Start of Entries shown

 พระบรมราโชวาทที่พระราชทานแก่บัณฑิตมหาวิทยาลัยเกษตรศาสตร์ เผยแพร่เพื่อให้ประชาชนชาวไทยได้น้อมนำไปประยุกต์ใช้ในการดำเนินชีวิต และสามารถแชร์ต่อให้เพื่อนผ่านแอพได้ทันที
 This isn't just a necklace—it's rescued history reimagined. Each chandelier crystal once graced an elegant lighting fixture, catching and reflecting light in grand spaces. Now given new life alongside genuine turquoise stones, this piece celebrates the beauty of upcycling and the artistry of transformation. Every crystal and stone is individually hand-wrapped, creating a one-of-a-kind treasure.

End of Entries shown
Start of Entries shown

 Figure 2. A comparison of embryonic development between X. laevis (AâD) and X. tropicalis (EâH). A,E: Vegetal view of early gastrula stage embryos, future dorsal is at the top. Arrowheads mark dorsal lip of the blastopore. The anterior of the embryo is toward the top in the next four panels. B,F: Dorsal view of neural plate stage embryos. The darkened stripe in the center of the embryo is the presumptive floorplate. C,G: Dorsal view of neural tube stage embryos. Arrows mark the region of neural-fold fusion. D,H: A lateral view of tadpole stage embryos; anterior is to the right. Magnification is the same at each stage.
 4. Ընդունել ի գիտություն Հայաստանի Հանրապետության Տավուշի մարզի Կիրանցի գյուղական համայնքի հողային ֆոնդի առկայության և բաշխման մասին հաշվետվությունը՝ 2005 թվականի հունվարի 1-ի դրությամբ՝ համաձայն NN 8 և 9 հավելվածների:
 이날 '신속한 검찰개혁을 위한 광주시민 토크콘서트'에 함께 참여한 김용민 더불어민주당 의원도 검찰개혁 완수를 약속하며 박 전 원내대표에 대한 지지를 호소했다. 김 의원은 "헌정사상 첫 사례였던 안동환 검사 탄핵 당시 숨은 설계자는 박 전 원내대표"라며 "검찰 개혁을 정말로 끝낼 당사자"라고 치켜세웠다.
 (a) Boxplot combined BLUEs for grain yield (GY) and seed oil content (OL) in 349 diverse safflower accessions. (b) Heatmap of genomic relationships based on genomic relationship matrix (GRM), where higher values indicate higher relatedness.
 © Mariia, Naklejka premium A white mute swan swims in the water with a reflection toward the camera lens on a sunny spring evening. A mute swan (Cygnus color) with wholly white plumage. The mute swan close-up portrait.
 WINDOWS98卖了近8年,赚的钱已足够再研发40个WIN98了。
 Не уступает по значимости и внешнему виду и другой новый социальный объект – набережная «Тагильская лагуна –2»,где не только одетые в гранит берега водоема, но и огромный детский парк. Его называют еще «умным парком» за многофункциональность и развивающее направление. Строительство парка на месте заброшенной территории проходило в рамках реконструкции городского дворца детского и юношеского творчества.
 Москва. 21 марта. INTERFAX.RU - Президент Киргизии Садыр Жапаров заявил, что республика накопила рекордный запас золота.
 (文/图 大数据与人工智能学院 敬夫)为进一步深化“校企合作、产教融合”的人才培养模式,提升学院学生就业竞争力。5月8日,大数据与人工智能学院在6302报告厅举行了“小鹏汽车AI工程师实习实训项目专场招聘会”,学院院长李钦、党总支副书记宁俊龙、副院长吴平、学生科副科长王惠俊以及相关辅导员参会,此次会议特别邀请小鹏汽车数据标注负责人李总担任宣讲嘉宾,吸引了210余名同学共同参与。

End of Entries shown
Start of Entries shown

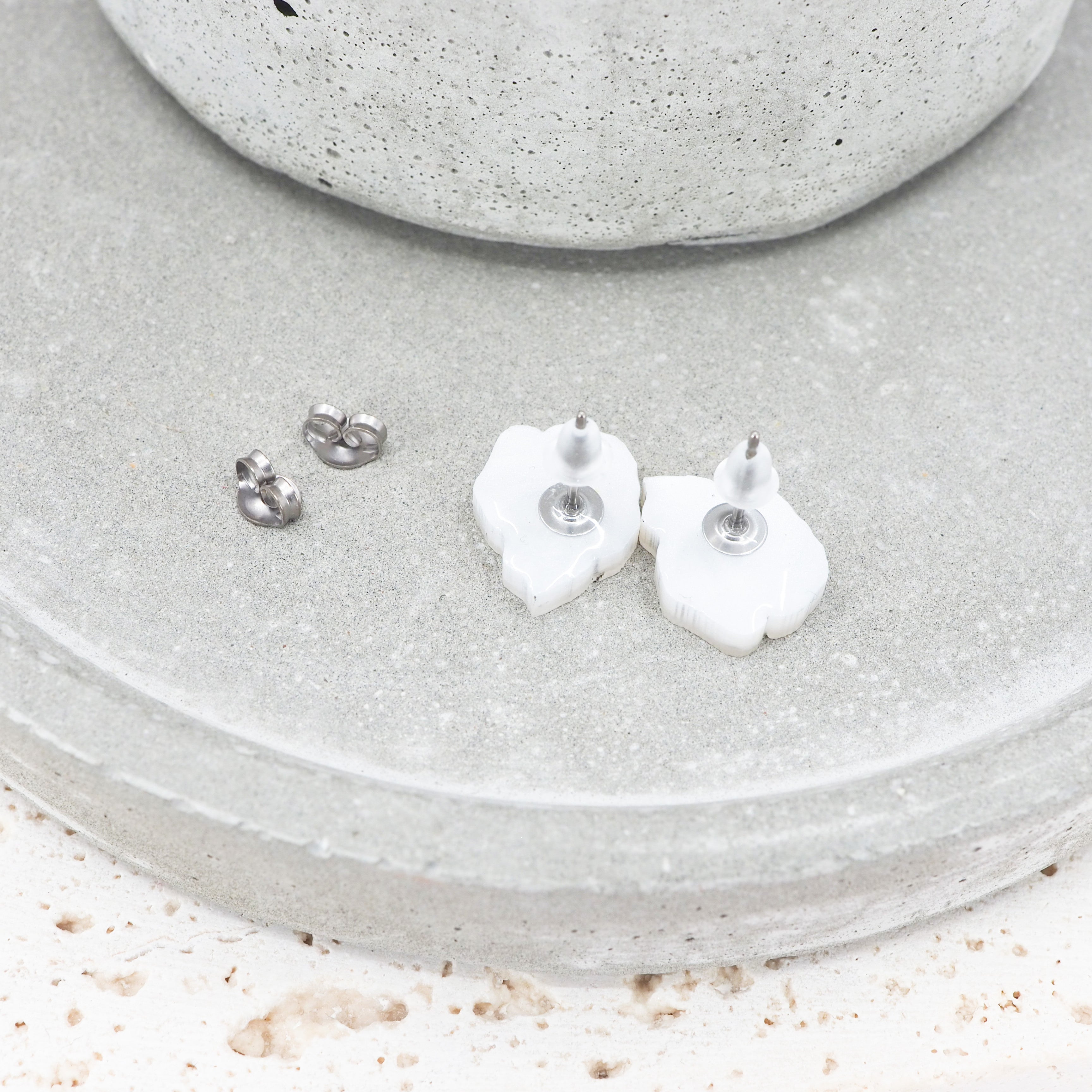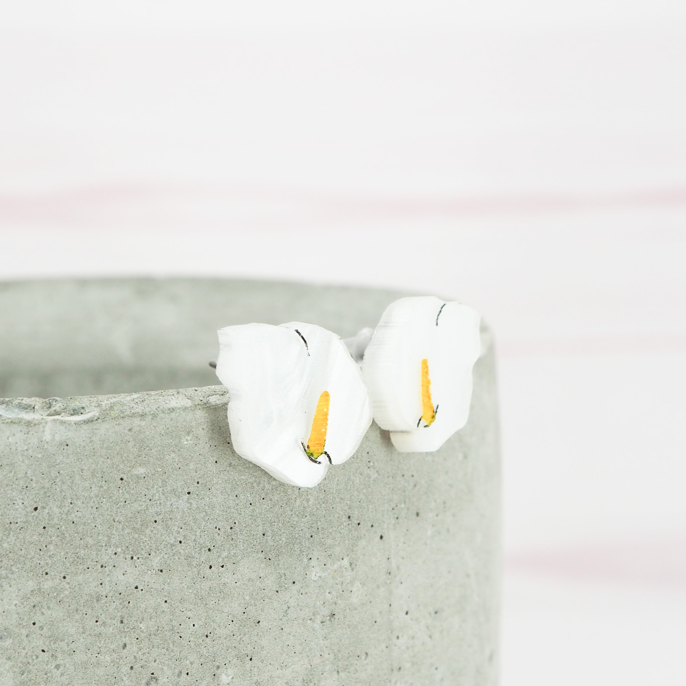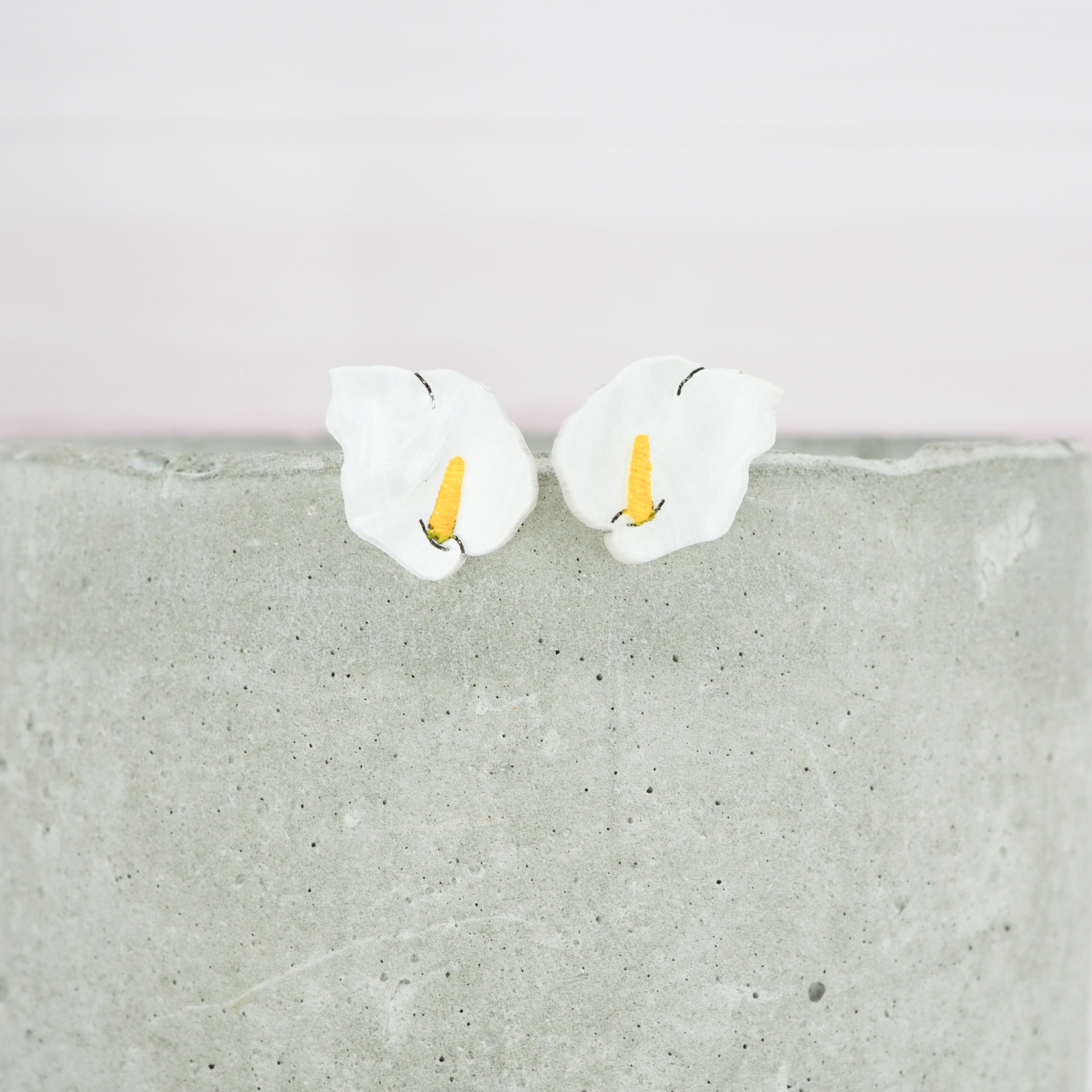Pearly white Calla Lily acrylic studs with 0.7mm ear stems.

End of Entries shown

**Your goal:**
Using the entries above, return exactly the lines from the line with "swan close-up portrait." to the line with "Москва. 21 марта.", counting both of those lines.

**Solved problem:**
 © Mariia, Naklejka premium A white mute swan swims in the water with a reflection toward the camera lens on a sunny spring evening. A mute swan (Cygnus color) with wholly white plumage. The mute swan close-up portrait.
 WINDOWS98卖了近8年,赚的钱已足够再研发40个WIN98了。
 Не уступает по значимости и внешнему виду и другой новый социальный объект – набережная «Тагильская лагуна –2»,где не только одетые в гранит берега водоема, но и огромный детский парк. Его называют еще «умным парком» за многофункциональность и развивающее направление. Строительство парка на месте заброшенной территории проходило в рамках реконструкции городского дворца детского и юношеского творчества.
 Москва. 21 марта. INTERFAX.RU - Президент Киргизии Садыр Жапаров заявил, что республика накопила рекордный запас золота.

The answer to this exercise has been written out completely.